> [RAW DATA]:

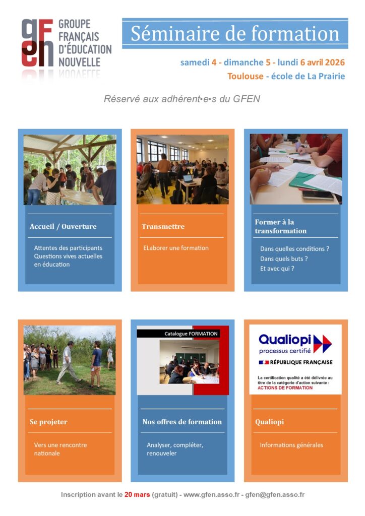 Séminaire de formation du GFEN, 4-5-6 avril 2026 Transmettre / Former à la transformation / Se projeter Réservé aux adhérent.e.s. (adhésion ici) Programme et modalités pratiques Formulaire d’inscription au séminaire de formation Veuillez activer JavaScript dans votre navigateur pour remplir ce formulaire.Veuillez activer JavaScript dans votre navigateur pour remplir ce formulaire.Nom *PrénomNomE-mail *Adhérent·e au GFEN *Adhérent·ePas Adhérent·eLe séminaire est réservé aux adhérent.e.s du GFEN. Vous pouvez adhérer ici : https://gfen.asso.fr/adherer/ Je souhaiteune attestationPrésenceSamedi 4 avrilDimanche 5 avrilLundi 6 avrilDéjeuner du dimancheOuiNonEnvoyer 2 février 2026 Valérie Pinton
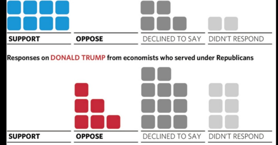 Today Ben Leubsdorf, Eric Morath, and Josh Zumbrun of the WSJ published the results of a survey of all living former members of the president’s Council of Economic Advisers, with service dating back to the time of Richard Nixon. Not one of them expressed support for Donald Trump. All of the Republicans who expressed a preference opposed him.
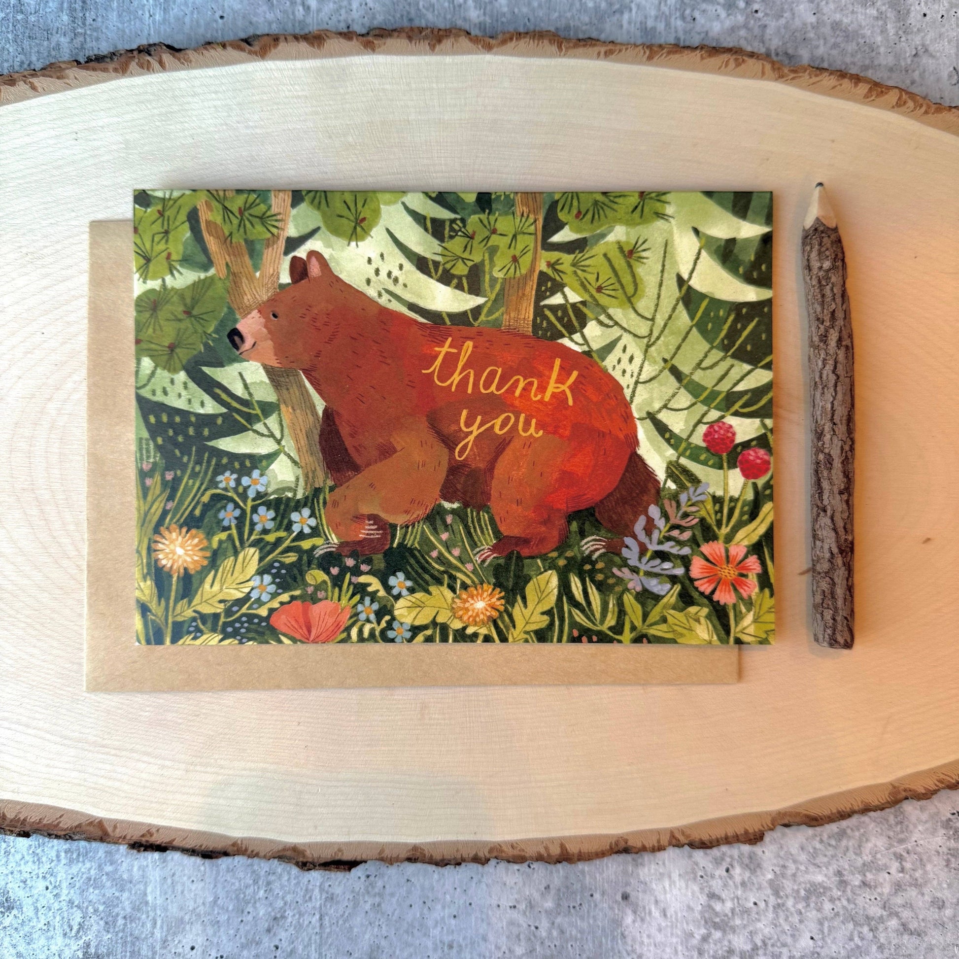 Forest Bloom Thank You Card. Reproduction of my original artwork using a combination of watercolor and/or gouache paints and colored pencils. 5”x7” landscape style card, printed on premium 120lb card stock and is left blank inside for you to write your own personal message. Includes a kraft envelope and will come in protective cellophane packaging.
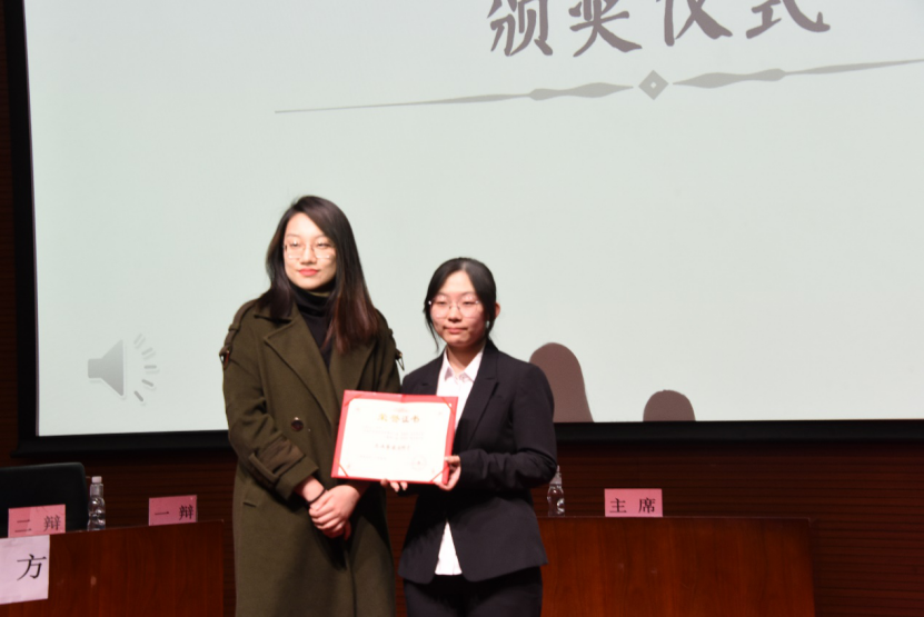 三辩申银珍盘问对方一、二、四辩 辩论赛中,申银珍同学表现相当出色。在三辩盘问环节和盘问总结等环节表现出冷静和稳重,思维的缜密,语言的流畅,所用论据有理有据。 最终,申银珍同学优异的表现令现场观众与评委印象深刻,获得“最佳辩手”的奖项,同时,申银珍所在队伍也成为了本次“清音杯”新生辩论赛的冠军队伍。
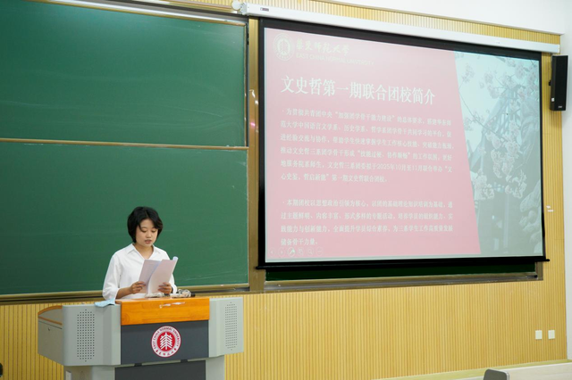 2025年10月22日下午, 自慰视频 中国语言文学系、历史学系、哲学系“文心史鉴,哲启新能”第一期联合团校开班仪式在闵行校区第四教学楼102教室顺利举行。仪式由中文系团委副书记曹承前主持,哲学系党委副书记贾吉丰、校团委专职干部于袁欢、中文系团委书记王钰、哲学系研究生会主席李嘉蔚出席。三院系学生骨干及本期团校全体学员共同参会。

> [PROBLEM DESCRIPTION]:
Restate each line from the start of the listing through the line bearing "Today Ben Leubsdorf, Eric" word for word. Drop the pictures.

> [REPLY TO THE TASK]:
 Séminaire de formation du GFEN, 4-5-6 avril 2026 Transmettre / Former à la transformation / Se projeter Réservé aux adhérent.e.s. (adhésion ici) Programme et modalités pratiques Formulaire d’inscription au séminaire de formation Veuillez activer JavaScript dans votre navigateur pour remplir ce formulaire.Veuillez activer JavaScript dans votre navigateur pour remplir ce formulaire.Nom *PrénomNomE-mail *Adhérent·e au GFEN *Adhérent·ePas Adhérent·eLe séminaire est réservé aux adhérent.e.s du GFEN. Vous pouvez adhérer ici : https://gfen.asso.fr/adherer/ Je souhaiteune attestationPrésenceSamedi 4 avrilDimanche 5 avrilLundi 6 avrilDéjeuner du dimancheOuiNonEnvoyer 2 février 2026 Valérie Pinton
 Today Ben Leubsdorf, Eric Morath, and Josh Zumbrun of the WSJ published the results of a survey of all living former members of the president’s Council of Economic Advisers, with service dating back to the time of Richard Nixon. Not one of them expressed support for Donald Trump. All of the Republicans who expressed a preference opposed him.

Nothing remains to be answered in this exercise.